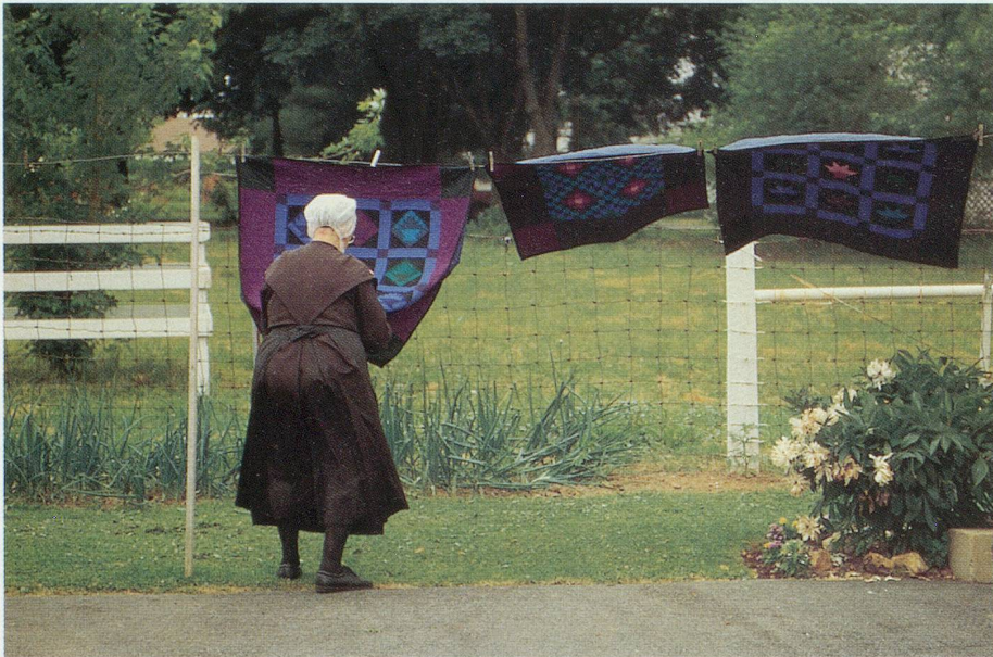
A l'heure de la retraite, les femmes amish confectionnent des quilts

Bien qu'ils vivent selon des règles établies au 17 e siècle, les Amish ont su créer une société qui intègre harmonieusement les personnes âgées. Un exemple à méditer. Reportage de notre collaborateur qui a vécu dans une communauté Amish des Etats-Unis.
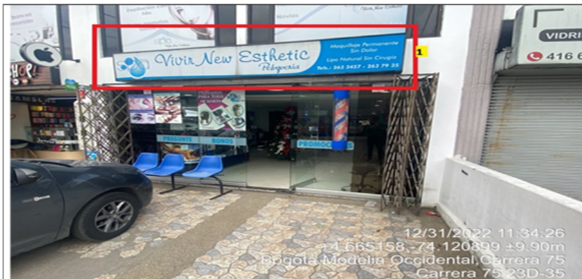
En la cual se evidencia un (1) elemento tipo aviso en fachada, ubicado en antepecho de segundo piso perteneciente al establecimiento comercial SPA VIVIR NEW ESTHETIC PELUQUERÍA, el cual al momento de la visita se encontraba instalado sin el registro ante la SDA.
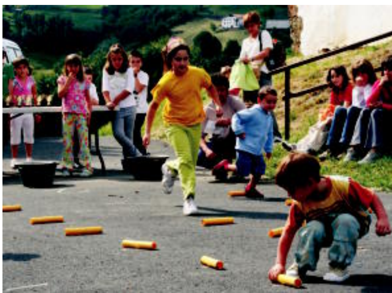
Gazteboentzako jolasak izan ziren atzo arratsaldean Asteasun. ASIER IMAZ

ALBIZTUR ▶ Santa Marina auzoan ospatzen dute gaur, ekitaldiz beteriko festa eguna ▶ 5
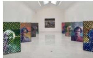
L'image selon Alain Jacquet

Vue de l'exposition « Stèles » d'Evi Keller, galerie Jeanne Bucher Jaeger, Paris, 2021.
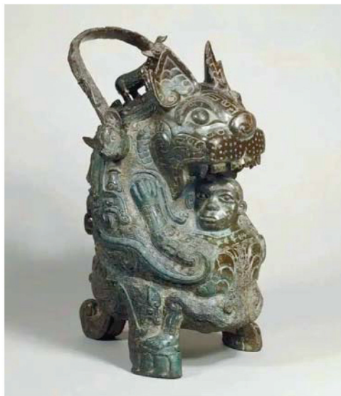
藏于法国巴黎赛努奇博物馆的虎卣
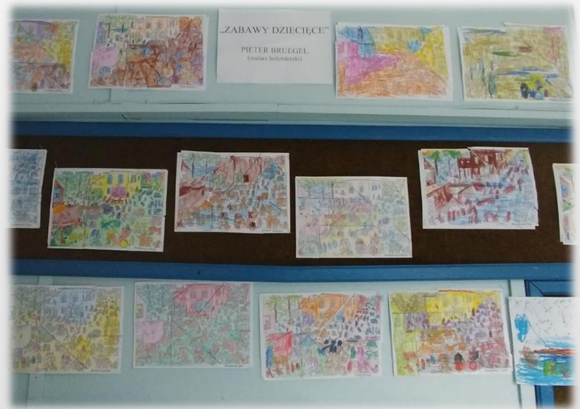
„ZABAWY DZIECIĘCE” PIETER BRUEGEL (malarz holenderski)
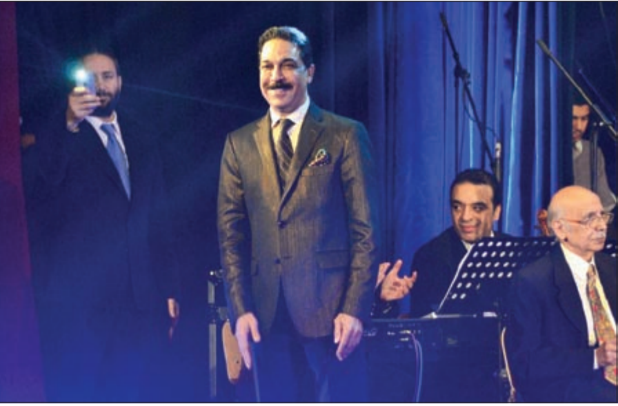
عبدالله الرويشد في الحفل (شريف عبدربه)

▸ WHAT IS NEEDED:
Omit the pictures, then set down all the remaining data exactly as given.

▸ RESPONSE TO THE EXERCISE:
A l'heure de la retraite, les femmes amish confectionnent des quilts

Bien qu'ils vivent selon des règles établies au 17 e siècle, les Amish ont su créer une société qui intègre harmonieusement les personnes âgées. Un exemple à méditer. Reportage de notre collaborateur qui a vécu dans une communauté Amish des Etats-Unis.
En la cual se evidencia un (1) elemento tipo aviso en fachada, ubicado en antepecho de segundo piso perteneciente al establecimiento comercial SPA VIVIR NEW ESTHETIC PELUQUERÍA, el cual al momento de la visita se encontraba instalado sin el registro ante la SDA.
Gazteboentzako jolasak izan ziren atzo arratsaldean Asteasun. ASIER IMAZ

ALBIZTUR ▶ Santa Marina auzoan ospatzen dute gaur, ekitaldiz beteriko festa eguna ▶ 5
L'image selon Alain Jacquet

Vue de l'exposition « Stèles » d'Evi Keller, galerie Jeanne Bucher Jaeger, Paris, 2021.
藏于法国巴黎赛努奇博物馆的虎卣
„ZABAWY DZIECIĘCE” PIETER BRUEGEL (malarz holenderski)
عبدالله الرويشد في الحفل (شريف عبدربه)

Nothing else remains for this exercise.